Para explicar tamanho ostracismo é preciso voltar ao início do século, quando a historiografia brasileira desenvolvia-se em base rankiana, mostrando-se, nos anos 30, voltada para as abordagens clássicas. Diferentemente do que ocorria na Europa, no Brasil, a profissionalização do historiador se fez fortemente marcada pela influência das abordagens econômicas e sociológicas, predominantes na década de 60. 12 Tal influência garantiu trabalhos acadêmicos voltados, primeiramente, para o negro e a escravidão, e, nos últimos anos, áreas que privilegiam a História social da família, a História social do trabalho e a História social do Brasil Colonial e da escravidão. Numa outra perspectiva, a defasagem da historiografia brasileira, já na década de 70, tinha relação direta com o contexto histórico no qual encontrava-se inserida.

"O fato de a universidade ter sido confinada como uma espécie de "gueto" de resistência ao regime (resistência pelo menos intelectual), fê-la apegar-se aos diversos "marxismos" disponíveis, sobretudo nos cursos de História. Não por acaso, aliás, as principais temáticas de pesquisa e publicação de fins da década de 1970 foram, grosso modo, as do "movimento operário" e da "revolução" (...) sem falar nas pesquisas de temas socioeconômicos, matéria que despertava enorme interesse naquele tempo." 13

Neste contexto, os poucos trabalhos com uma perspectiva histórica do esporte já nasciam comprometidos pela influência, primeiramente, da História tradicional, positivista e, em segundo lugar, por ser considerado assunto secundário em meio a temas como revolução, classe operária, marxismo e tantos outros. Conforme Victor de Melo, podemos pensar tais trabalhos dirigidos ao estudo dos desportos e da educação física dividindo-os em três fases: na primeira, predominam os livros importados voltados para os aspectos históricos da ginástica; na segunda, embora apresentando semelhanças com a fase anterior, já demonstram certo desenvolvimento no uso documental; na terceira, buscam ressaltar os aspectos ideológicos da educação física, contudo, apresentam-se metodologicamente confusos em relação à História. 14 Tendo em vista o levantamento bibliográfico, já realizado pelo autor, não nos deteremos em avaliar tal produção. De um modo geral, as obras relacionadas a estas três fases, apontam para uma bibliografia em que poucos são os autores que possuem formação em História.

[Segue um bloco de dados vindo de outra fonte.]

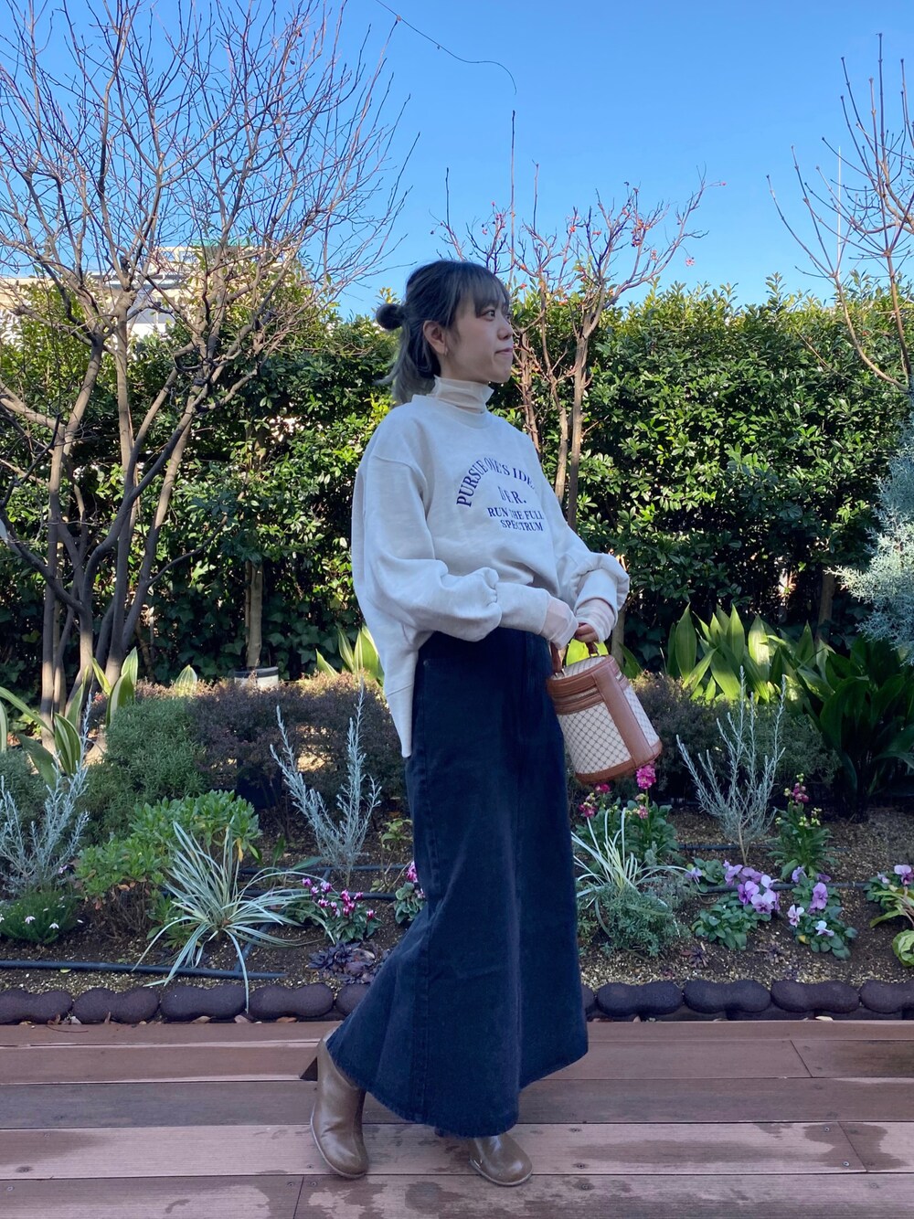 スウェットはカジュアルに着るのばっかりなのでスカートとブーツで少し女性らしく✊🏻💖

É, exatamente, pelas dificuldades inerentes à historiografia brasileira e, principalmente, pela afinidade desta para com a sociologia que teremos que compreender o menosprezo da História para com o esporte. Para Eric Dunning,

"... no quadro da tendência que orienta o pensamento reducionista e dualista ocidental, o desporto é entendido como uma coisa vulgar, uma atividade de lazer orientada para o prazer, que envolve o corpo mais do que a mente, e sem valor econômico. Em consequência disso, o desporto não é considerado como um fenômeno que levante problemas sociológicos de significado equivalente aos que habitualmente estão associados com os negócios "sérios" da vida econômica e política." 15

Sem valor econômico e considerado vulgar, os historiadores, tal qual os sociólogos, insistem em não perceberem o esporte como um objeto de estudo capaz de mostrar as mais tênues nuances das relações sociais que, fora da lógica esportiva, parecem excludentes, como a competição e a cooperação ou o conflito e a harmonia. 16 É, justamente, por abrir esta possibilidade de análise que podemos pensar no esporte como um objeto da História social ou da História cultural. Passemos, portanto, a avaliar mais detidamente tais possibilidades teóricas e metodológicas.